Миссия капитана Мэтьюсона оказалась более чем успешной, ибо, несмотря на то что некоторые из числа избранных им верных людей отнеслись довольно скептически к сверхъестественному аспекту рассказанной Уиденом истории, никто не поставил под сомнение необходимость тщательно взвешенных негласных мер. Карвен, вне сомнений, угрожал благоденствию города и колонии в целом, и угрозу сию требовалось искоренить пусть даже и самой высокой ценой.

В конце декабря 1770 года группа досточтимых горожан провела собрание в доме Стивена Хопкинса и обсудила предварительные шаги.
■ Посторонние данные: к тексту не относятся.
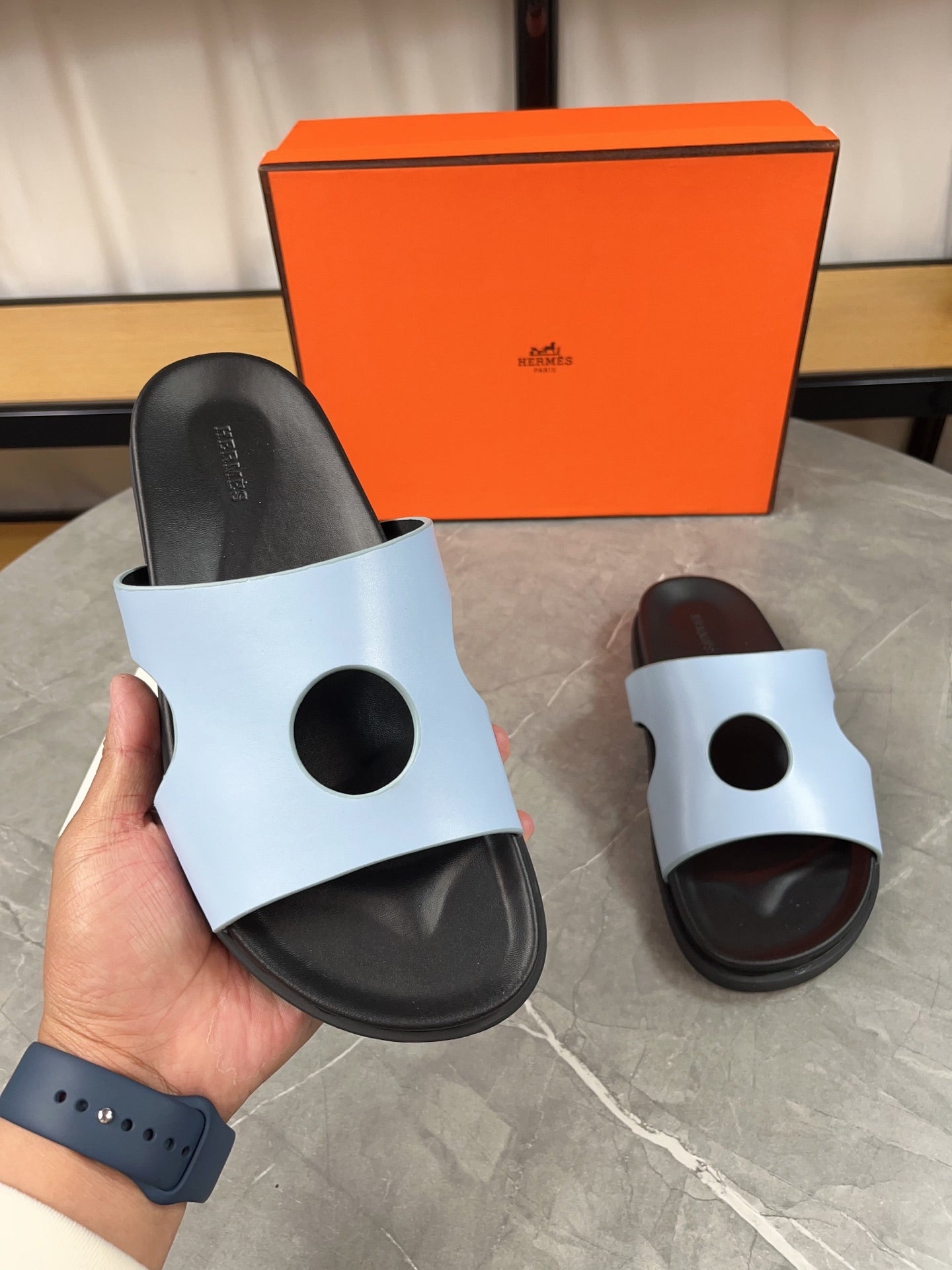 HM Men's Edith Slide Blue Sheepskin 567375
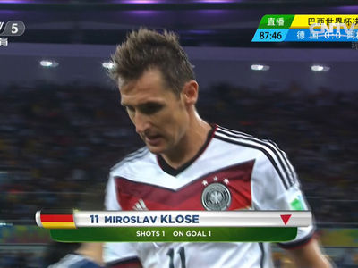 北京时间7月14日3时(巴西时间12日16时),第20届世界杯决赛在里约热内卢马拉卡纳球场打响,德国与阿根廷争夺冠军。下半场第88分钟,德国队换人,11号克洛泽下,换上19号格策。克洛泽下场,现…[详细]
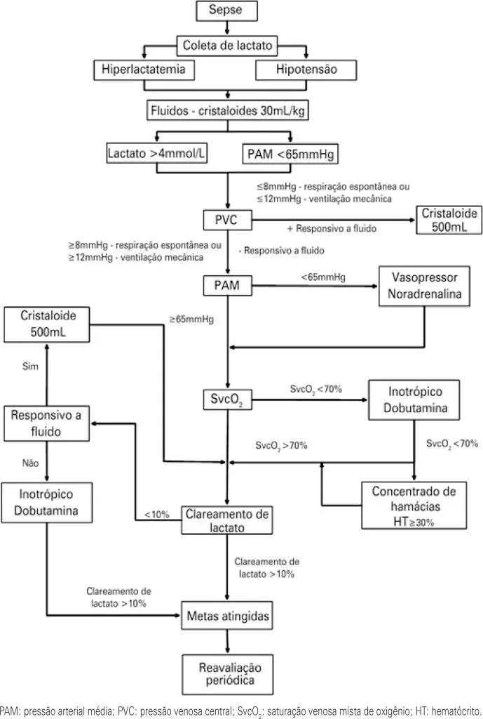 O reconhecimento e o tratamento precoce da sepse grave e do choque séptico é a chave para o sucesso terapêutico. Quanto maior o atraso no início do tratamento, pior é o prognóstico, em decorrência da hipoperfusão tecidual persistente, e do consequente desenvolvimento e agravamento das disfunções orgânicas. Um dos principais mecanismos responsáveis pelo desenvolvimento da disfunção celular é a hipóxia. A adequação do fluxo sanguíneo tecidual e, consequentemente, da oferta de oxigênio à demanda metabólica, de acordo com a avaliação do índice cardíaco e da taxa de extração de oxigênio, deve ser realizada durante a ressuscitação, principalmente nos pacientes de alta complexidade. Novas tecnologias, de fácil manuseio à beira do leito, e novos estudos, que avaliem diretamente o impacto da otimização dos parâmetros macro-hemodinâmicos na microcirculação e no desfecho clínico dos pacientes sépticos, são necessários.
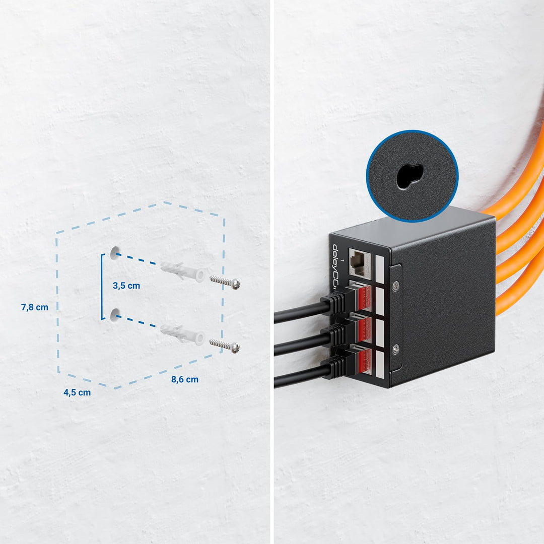 - deleyCON 4-Port Patchpanel Patchfeld Verteilerfeld inkl. RJ45 Keystone Module CAT 6a als Set // Übertragungsgeschwindigkeit bis zu 10 Gbit/s & 500 MHz
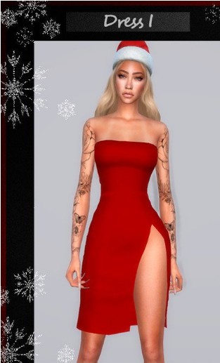 模拟人生4红色露腿圣诞节服装MOD,这是作者专为圣诞节制作的一件女性圣诞连衣裙,款式比较简约,采用的是抹胸包臀式的版型,侧边大腿处做了开叉设计,具体效果如下图,非常性感,颜色当然是圣诞节专属的圣诞红啦,喜欢的玩家可以下载进游戏给角色穿上哦~

Внимательнейшим образом изучены были записи, переданные Уиденом капитану Мэтьюсону; чтобы засвидетельствовать некоторые детали, пригласили и самого молодого штурмана вместе с Елеазаром Смитом. Нечто сродни суеверному страху охватило всех присутствующих еще до того, как встреча подошла к концу, однако с чувством этим родилась и решимость, нашедшая наиболее яркое отражение в простодушной и звучной брани капитана Уиппла. Губернатора Вантона решили не вовлекать в план – в предстоящей операции официальный закон мало чем мог помочь. Имея в своем распоряжении скрытые силы неопределенного масштаба, Карвен был не из тех, кого можно было бы без опаски надоумить покинуть город – последствия могут оказаться самыми непредсказуемыми, и даже если зловещий делец подчинится – наверняка продолжит попирать закон Божий на новом месте, где его примут. Времена стояли беззаконные, и люди, которые годами пренебрегали королевскими налоговыми органами, были явно не из тех, кто озадачивался более суровыми вещами, когда того требовал долг. Карвен должен быть застигнут врасплох на своей ферме в Потаксете – и получить один решающий шанс объясниться. Если он окажется всего-навсего сумасшедшим, ведущим многоголосые разговоры с самим собой, – что ж, его оставят в покое. Но если вскроется что-то более серьезное, если подземные ужасы окажутся реальны – ворожей да умрет вместе со всем наследием своим. Все можно устроить без огласки – возможно, даже вдове и ее отцу не придется объяснять, как все произошло.

Пока обсуждались серьезные шаги, в городе произошел инцидент настолько ужасный и необъяснимый, что в течение некоторого времени на многие мили вокруг почти ничего другого и не упоминалось вовсе. В середине лунной январской ночи, когда под ногами лежал тяжелый снег, над рекой и холмом разнеслись ужасные крики. Разбуженные окрестные жители прильнули к окнам, и те из них, кто жил ближе всего к Вейбассет-пойнт, увидели, как в проруби за таверной «Голова Турка» барахтается и мечется странное бледное существо. Где-то вдалеке лаяли собаки, но стоило подняться шуму всполошенной округи, как лай утих. Люди с фонарями и мушкетами отправились узнать, что происходит, и ничего не нашли. На следующее утро, однако, на ледяных порогах у южной опоры Большого моста, там, где брал начало Длинный Причал – и тянулся до самой винокурни Эббота, обнаружился труп кряжистого мужчины, полностью раздетый. О личности мертвеца судачили еще долго – причем главным образом не молодежь, а старики. Окаменевший лик с выпученными от ужаса глазами пробудил в патриархах города кое-какие воспоминания – послушать их сбивчивые речи, так мертвец как две капли воды походил на человека, что умер целых полвека назад!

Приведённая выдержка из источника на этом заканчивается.